Main
RiSearch v.1.0 Manual
© S. Tarasov
Results sorting
Found documents can be sorted by relevance, document modification date,
document size or returned in the order they appear in database.
Each sorting type can be turned "On" or "Off" in configuration file.
By default script will store all necessary information for all types
of sorting. Please note, that many webservers do not return "Last modified"
date for dynamic pages, and time of indexation will be used instead.
Relevance
Relevance is an abstract measure of how well a document satisfies
the user's query. RiSearch uses number of asked words as a base for
relevance calculation. Each word occurrence in document gives one point
to this document. Certain areas in document (such as title, headings,
links, and words written in bold, italic) can have higher rating.

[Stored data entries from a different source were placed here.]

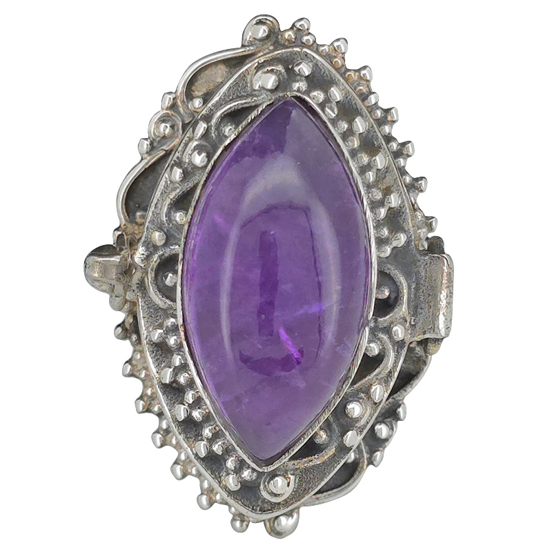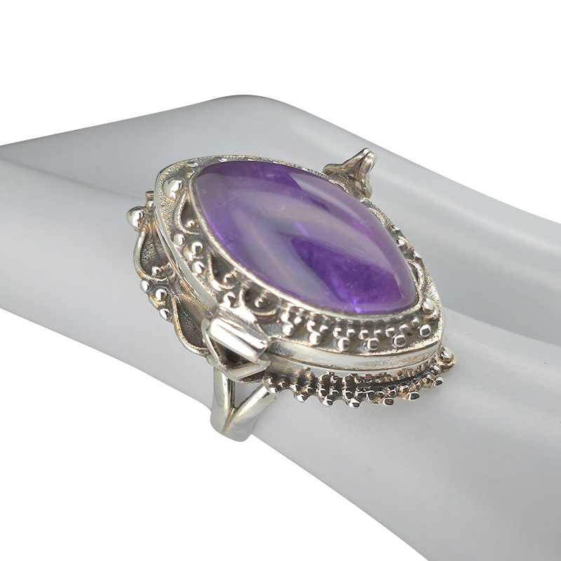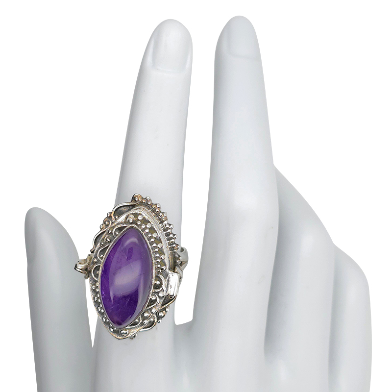 Amethyst Sterling Silver Locket / Poison Ring. Marquise-shaped gemstone set in .925 sterling silver. Designed with a discreet locket compartment for a small keepsake or secret.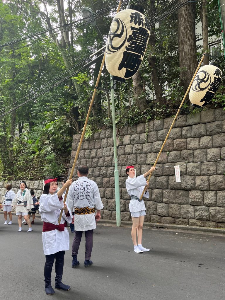 My role is to carry the Takabari-Cho-chin (high-pole lanterns), leading the way for the Mikoshi and the Dashi floats.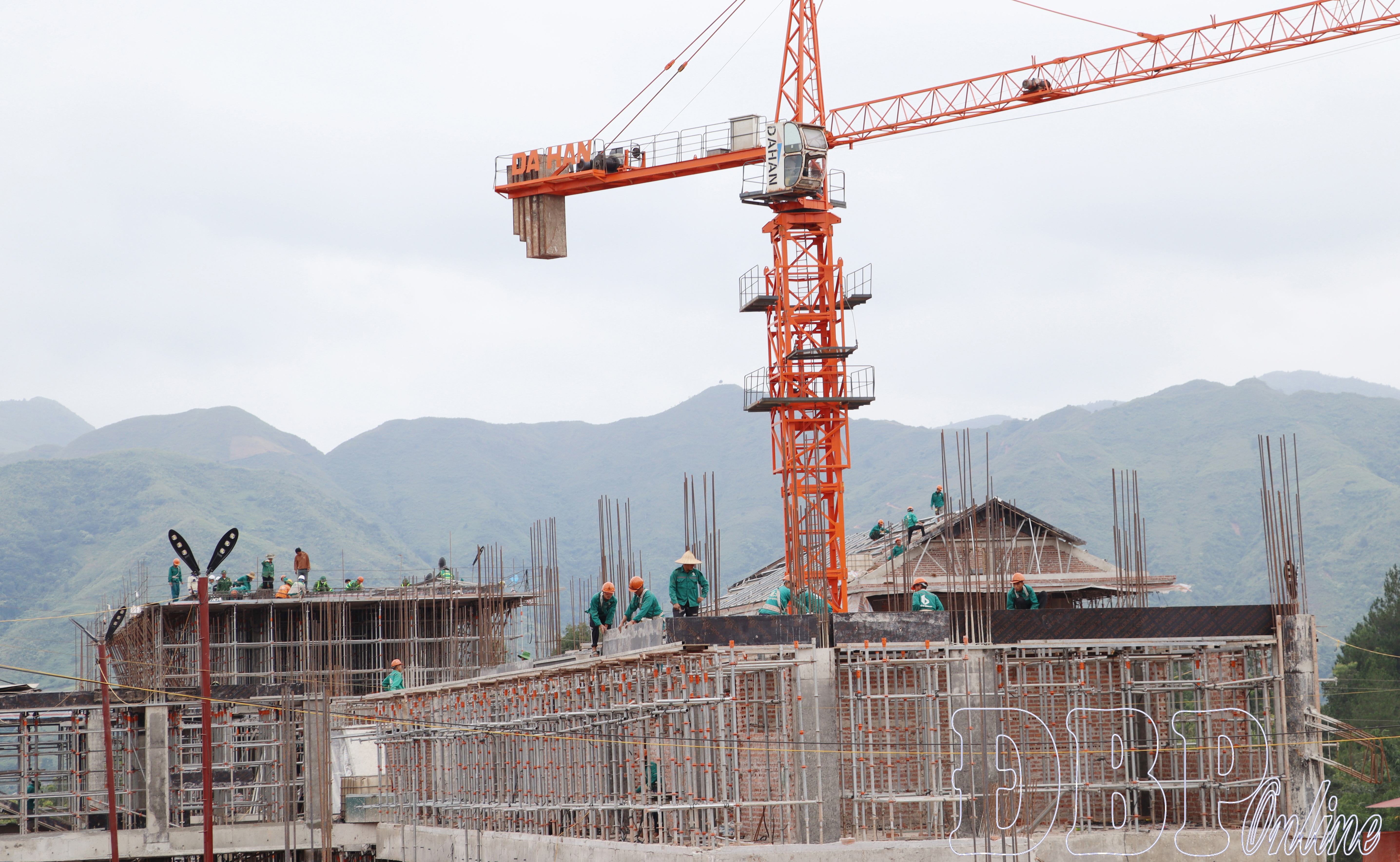 Đầu tư hoàn thiện hạ tầng góp phần tích cực giúp các xã hoàn thành các tiêu chí trong xây dựng nông thôn mới. Trong ảnh: Nhà thầu thi công công trình Trường Phổ thông liên cấp Tiểu học - THCS Si Pa Phìn.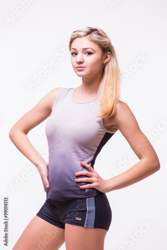 Attractive fit woman exercising in studio with copyspace. Image of healthy young female athlete doing fitness workout against grey background.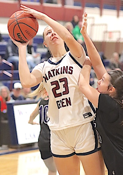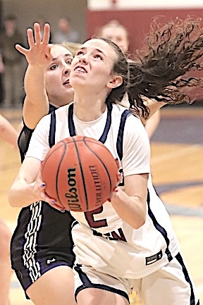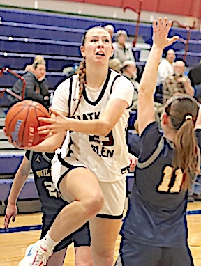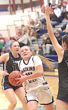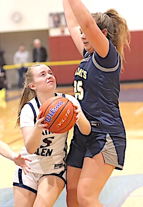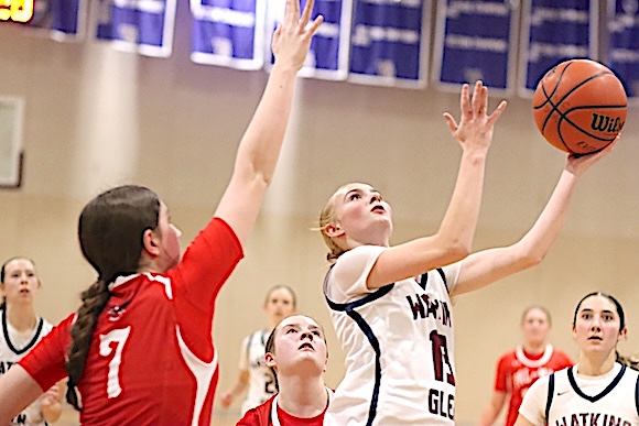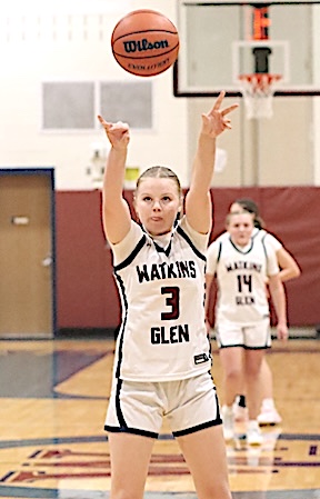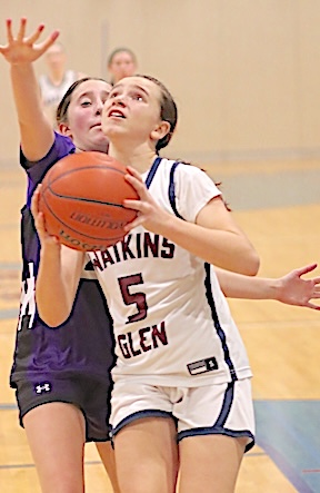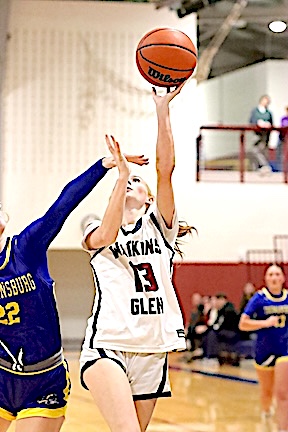 The Lake Hawks led 19-7 after one period, 36-14 at halftime, and 47-17 entering the fourth quarter. Michaela Wheaton and Olivia King led Watkins scorers with 13 points each, while Rachel Vickio scored 10, Emma Lewis 8, Lizzi Fitzwater 3, and Isabella Bellavigna, Grace Roney, Natalee Oliver and Zade Gomez Fitzsimmns 2 apiece. Oliver, King and Aubrey Klemann led in rebounds with 5 each, while Vickio and Bellavigna grabbed 4 apiece, and Wheaton, Fitzwater and Gomez Fitzsimmons 3 each. King led in steals with 5, Vickio in blocks with 2, and Oliver in assists with 5. Junior Varsity: Watkins Glen defeated Dryden, 45-35, to improve to 5-2. Allyson Oliver led Lake Hawks scorers with 12 points, while Keira Ells scored 10 and Amy Field 9. Photo in text: Watkins Glen's Olivia King prepares to shoot in traffic.

This can be set up in configuration file. Then calculated points number is
normalized according to the most frequent term for this document
(so that longest document not necessary gets highest rating).
Document rating for given term then can be modified according
to number of documents with this term. In results most common
words will have little effect in documents sorting.
Configuration parameters
allow_sort_by_rating => 1,
- turns ON the page rating calculation. Additionally, you may sort the documents
by last_modified date and size
(allow_sort_by_date, allow_sort_by_size).
weight_title => 5,
- you may control the weight of the word depending on it's position on page.
Each occurrence of word increases the word rating by 1. You may choose another
weight for words occurred in page TITLE, heading, metatags, and links to other pages...
word_freq => 1,
- turns ON the document score normalization according to word frequency
(common word will get lower rating). Can be turned OFF and ON without site reindexing.
|